▶ [Exercise brief]:
Your task is to find every line of the data that holds the string "Plangebiet" and copy it.

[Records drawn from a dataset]
= = = = = = =

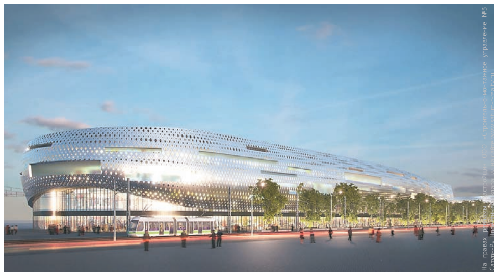
Концепция развлекательного центра в Красных Казармах, вид со стороны площади Карла Маркса и ул. Чернышевского

Сегодня ситуация сильно изменилась. Думаю, цены на квартиры ещё вырастут процентов на 15–20. Год-два будет покупательский разгон — пока примут все госпрограммы поддержки, пока они начнут работать и так далее. К слову, за последние три года строительные материалы подорожали минимум на 15%. Несмотря на это, сами строительные возможности в Перми, думаю, составляют 600–700 тыс. кв. м (сейчас в год строится 400–450 тыс. кв. м — ред.).
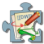
Diagram для «ДокуВики»

Построение схем и генеалогических деревьев, состоящих из блоков и линий соединения. Плагин расширяет синтаксис «Докувики» и позволяет строить диаграммы.
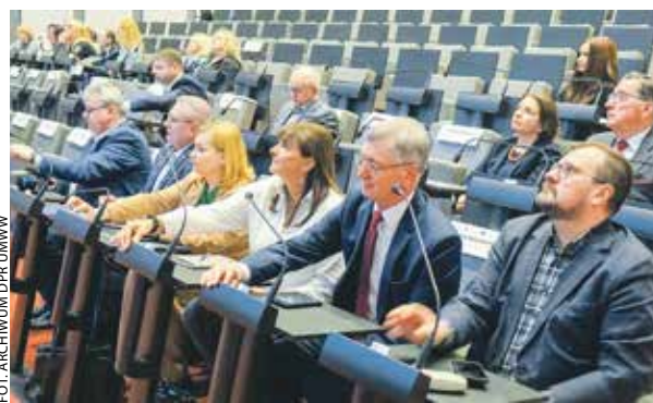
Członkowie KM FEW jednogłośnie poparli zmiany.

Dotyczą one kilku obszarów. Na pierwszy plan wysuwa się rezygnacja z poręczeń w instrumentach finansowych dla przedsiębiorców. Powodem są skomplikowane zasady ich wdrażania i rozliczania. W podobnym kierunku podąża zdecydowana większość regionów w kraju. Istotną nowość czeka na przedsiębiorców z Wielkopolski wschod-
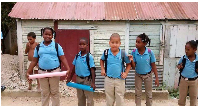
La photo a été prise à la sortie des classes de l'école à Higüey, école tenue par les F.É.C.

Nous sommes de retour du voyage humanitaire en République Dominicaine... Ce projet missionnaire est le fruit de longues réflexions (juillet à mars) en lien avec soi, avec les autres et avec le Christ. Les orphelinats Nuestros pequeños hermanos (NPH) sont dans neuf pays sous-développés et valorisent la prière, la foi, l'amour, le service et la paix.
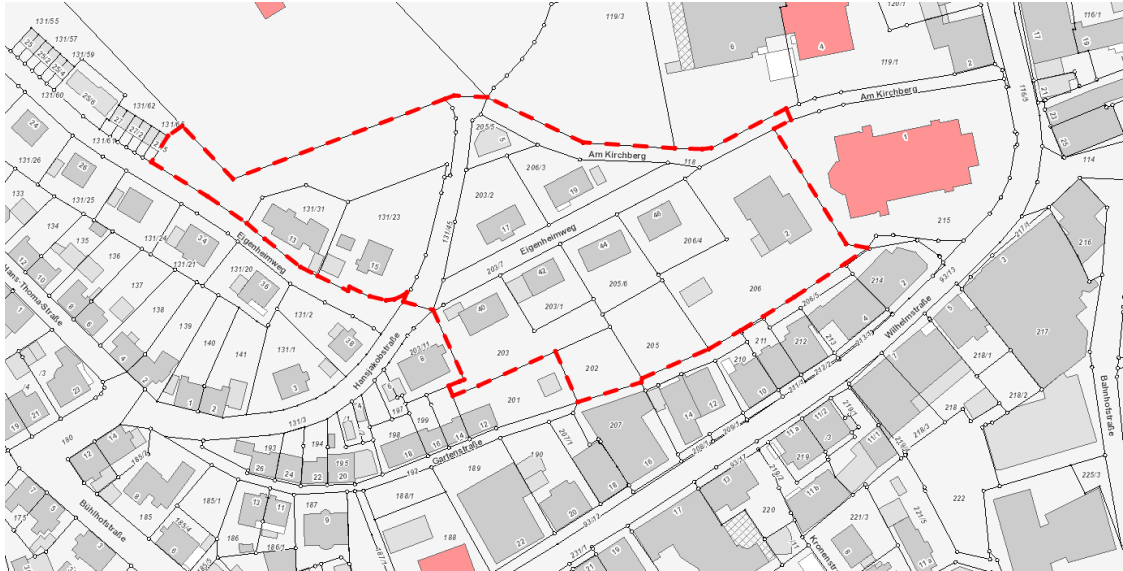
Lage Plangebiet (ohne Maßstab)

Das Plangebiet befindet sich im Stadtzentrum von Furtwangen, unterhalb des Friedhofs, im Übergangsbereich zwischen Innenstadt und angrenzendem Wohngebiet. Das Plangebiet hat eine Größe des Geltungsbereichs von ca. 1,24 ha (Flächenermittlung CAD). Die genaue Abgrenzung ergibt sich aus den Darstellungen in der Planzeichnung.
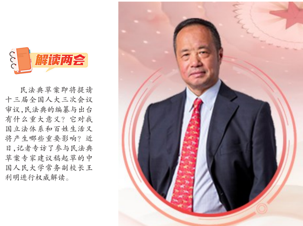
▲中国人民大学常务副校长王利明(资料图)
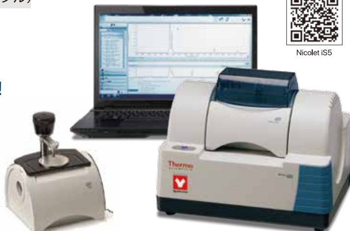
iD7 1回反射型ATRをセットにした今だけの特別価格
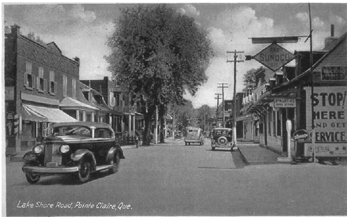
Figure 1 : Chemin Lakeshore à Pointe-Claire en banlieue de Montréal dans les années 1950

En bref, les travaux sur la banlieue – définie comme une unité administrative distincte de la ville-centre et dont les modes d'aménagement de l'espace s'en différencient – et les banlieusards ont mis en lumière un processus multiforme 28 , pluriel, éloigné de la vision stéréotypée qui en est largement véhiculée dans la culture populaire, c'est-à-dire un milieu de vie peu dense, habité par des ménages de la classe moyenne et parsemé de pavillons entourés de pelouse. Au même titre que l'urbanisation, le processus de suburbanisation est désormais considéré par plusieurs historiens comme un objet d'étude porteur d'une valeur heuristique quant à notre compréhension générale de l'histoire du phénomène urbain canadien. Par ailleurs, l'exode banlieusard qui s'amorce à partir des années 1950 a, somme toute, peu intéressé les historiens 29 . Les modalités de mise en forme socioculturelle et

= = = = = = =

▶ [Solution]:
Lage Plangebiet (ohne Maßstab)
Das Plangebiet befindet sich im Stadtzentrum von Furtwangen, unterhalb des Friedhofs, im Übergangsbereich zwischen Innenstadt und angrenzendem Wohngebiet. Das Plangebiet hat eine Größe des Geltungsbereichs von ca. 1,24 ha (Flächenermittlung CAD). Die genaue Abgrenzung ergibt sich aus den Darstellungen in der Planzeichnung.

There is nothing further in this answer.